Storia di una vendemmia

I mattini sono più umidi. Leggera la nebbia svanisce pigramente, non prima d’aver sostituito le cromie del giallo e l’arancio al verde delle foglie.

È ora di raccogliere l’uva.

Il cappello per proteggere il capo, i guanti per sporcare il meno possibile unghie e mani, gli stivali di gomma per non lasciare i piedi nell’umido della terra.
Le cassette impilate sul carro e un’abbondante colazione nello stomaco.

Finalmente si parte

I racconti degli anziani riportano che,un tempo, durante la raccolta, gli operai dovessero cantare o parlare in continuazione, per dimostrare costantemente, di non mangiare l’uva. Fra amici e parenti questo non accade. La vendemmia è un giorno di gioia.
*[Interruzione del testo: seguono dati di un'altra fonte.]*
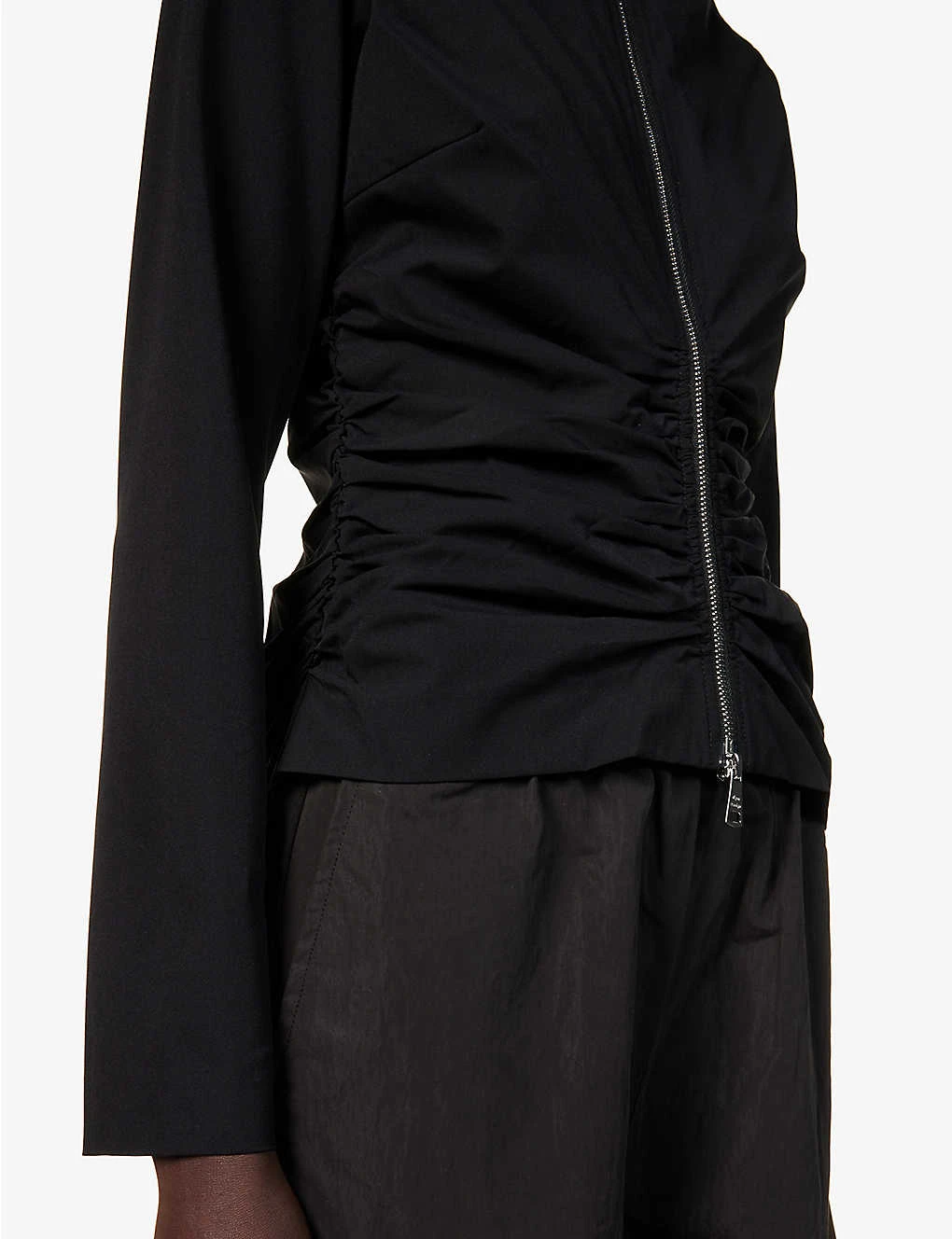Zipper Pleated Recycled Polyester-blend Top

Un momento di incontro, come una festa comandata.

le cassette piene sono in attesa d’essere raccolte

si ritorna alla base!

iniziano i viaggi verso la pigiatura

il tempo dell’uso dei piedi nella tinozza è passato

Oggi un semplice macchinario schiaccia i chicchi, che spedisce nella botte e separa i raspi.Questi ultimi si accumuleranno nella zona posteriore per …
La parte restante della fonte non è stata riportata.